== Segment start ==

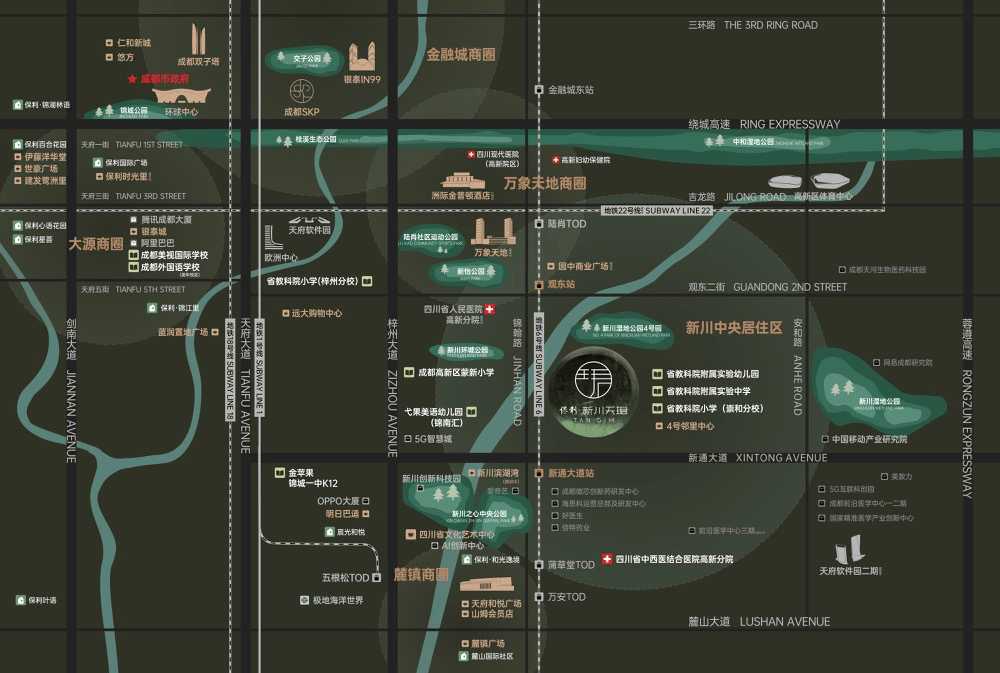 约500M内6号线新通大道站、观东站双地铁站,北达金融城三期、南抵天府CBD/西博城/兴隆湖等核心区,串连1号线号线(规划中)等地铁线路。
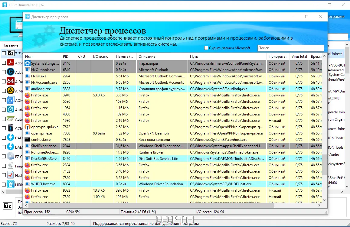 HiBit Uninstaller — универсальное решение для полного и быстрого удаления программ в операционной системе Windows. Интуитивно понятный интерфейс позволяет легко управлять установленными приложениями, освобождая систему от ненужных программных компонентов и остатков, которые зачастую остаются после стандартных деинсталляций. Среди уникальных возможностей — удаление приложений из Windows Store, а также мощное сканирование для поиска и устранения хвостов после удаления.
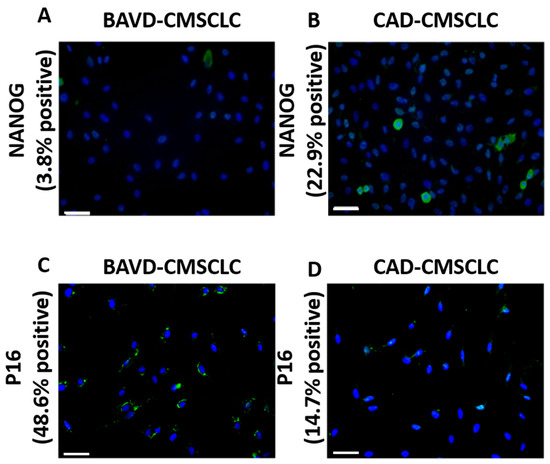 Immunolabelling of CMSCLC for NANOG and p16. (A,B) ICC analysis for NANOG expression in BAVD-CMSCLC and CAD-CMSCLC. NANOG (Green), all nuclei labelled with Dapi (Blue). (C,D) ICC analysis for p16 expression in BAVD-CMSCLC and CAD-CMSCLC. p16 (Green), all nuclei labelled with DAPI (Blue). Scale bar = 50μm.
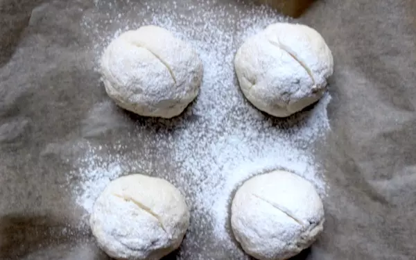 4、薄力粉を茶こしに入れて少々ふる。焼いている途中でパンが割れないようにクープ(切り込み)を入れる。
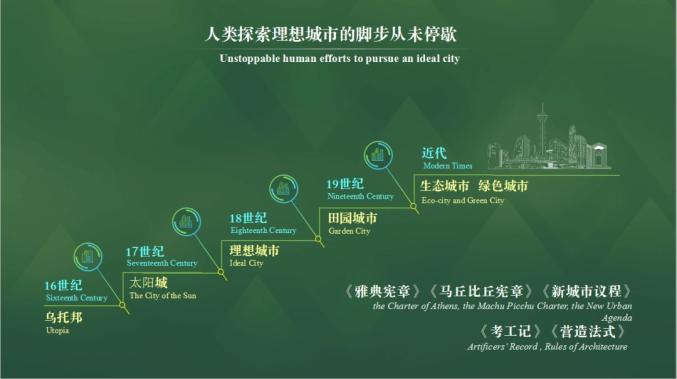 16世纪的“乌托邦”、17世纪的“太阳城”、18世纪的“理想城市”、19世纪的“田园城市”、近代的“生态城市”“绿色城市”等理论代表了各个时代人们对城市的理想追求,《雅典宪章》《马丘比丘宪章》《新城市议程》和我国春秋时期《周礼·考工记》、宋代《营造法式》、明清《工程作法》等文献体现了关于城市可持续发展、追求人本关怀的共识。
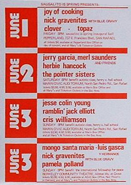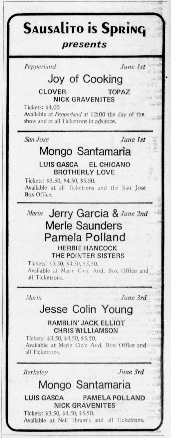 listings: "Scenedrome," Berkeley Barb, June 1-7, 1973, p. 22 |San Francisco Chronicle, June 1, 1973, p. 48 |San Francisco Examiner, June 2, 1973, p. 10
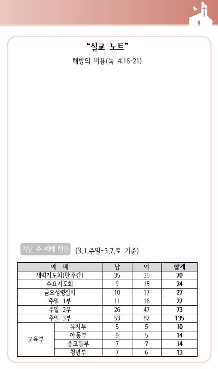상심리교회 2026년 3월8일 주보
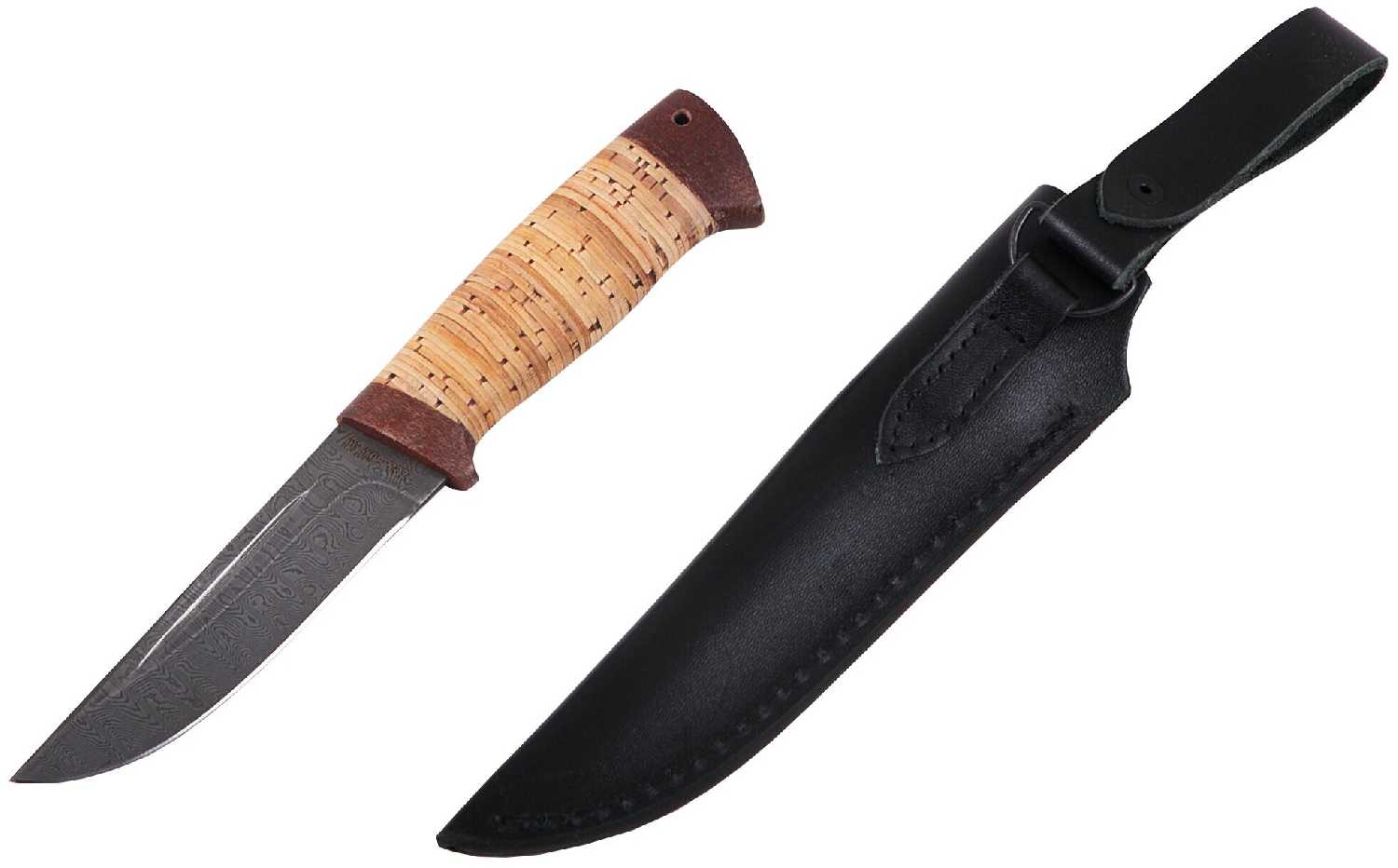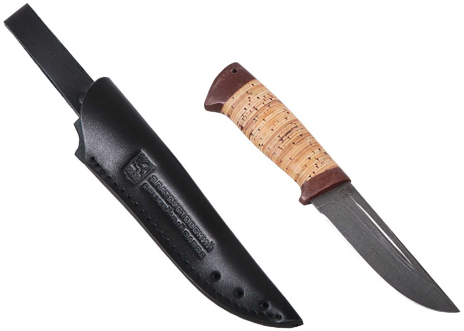 Характеристи Златоустовский оружейный завод Нож "Риф" (нержавеющая дамасская сталь, береста/текст
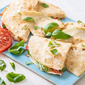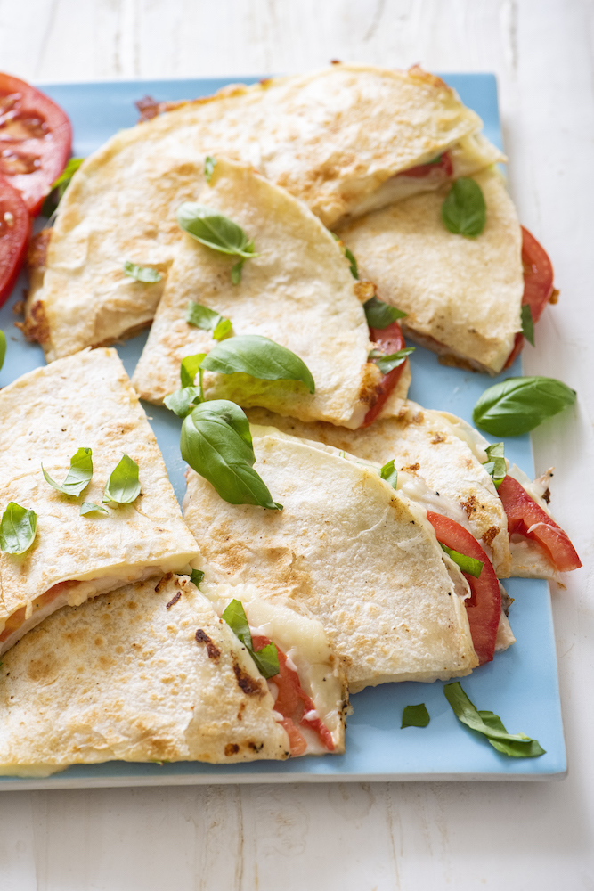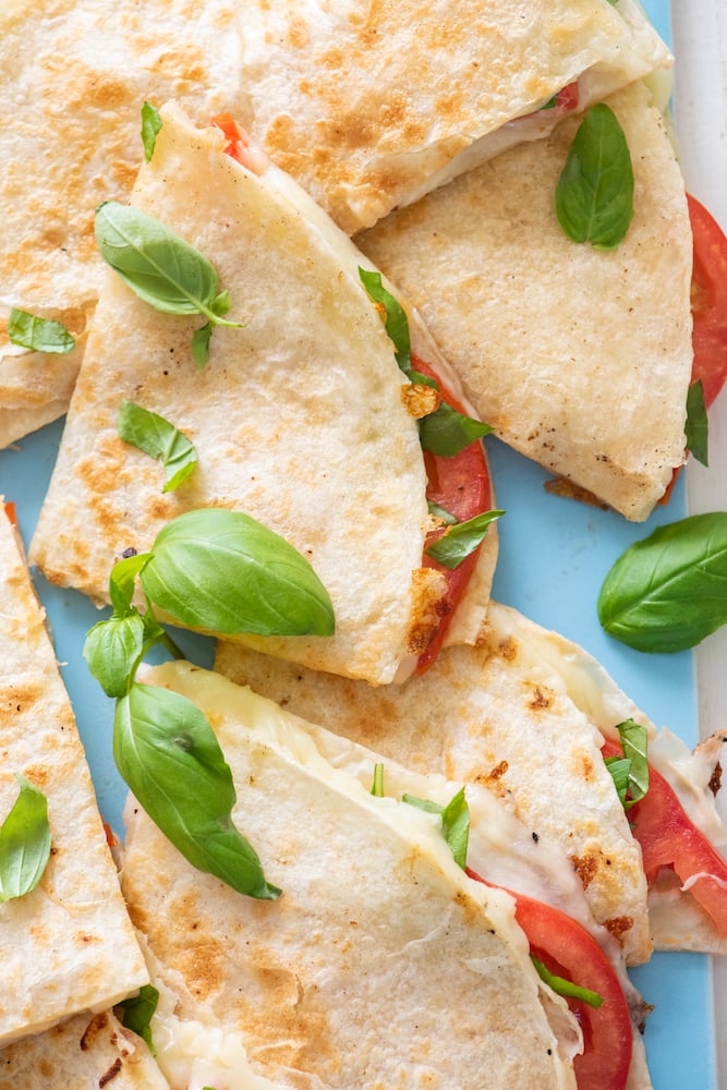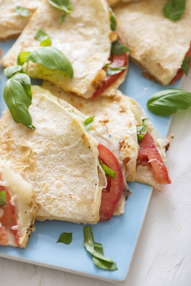 Caprese Quesadillas are the perfect kid-friendly way to serve Caprese! Melty mozzarella cheese, fresh heirloom tomatoes and basil make this quesadilla one for the books.

== Segment end ==

Transcribe exactly, with no pictures, the lines running from the first line of the material through the line holding "HiBit Uninstaller —".

 约500M内6号线新通大道站、观东站双地铁站,北达金融城三期、南抵天府CBD/西博城/兴隆湖等核心区,串连1号线号线(规划中)等地铁线路。
 HiBit Uninstaller — универсальное решение для полного и быстрого удаления программ в операционной системе Windows. Интуитивно понятный интерфейс позволяет легко управлять установленными приложениями, освобождая систему от ненужных программных компонентов и остатков, которые зачастую остаются после стандартных деинсталляций. Среди уникальных возможностей — удаление приложений из Windows Store, а также мощное сканирование для поиска и устранения хвостов после удаления.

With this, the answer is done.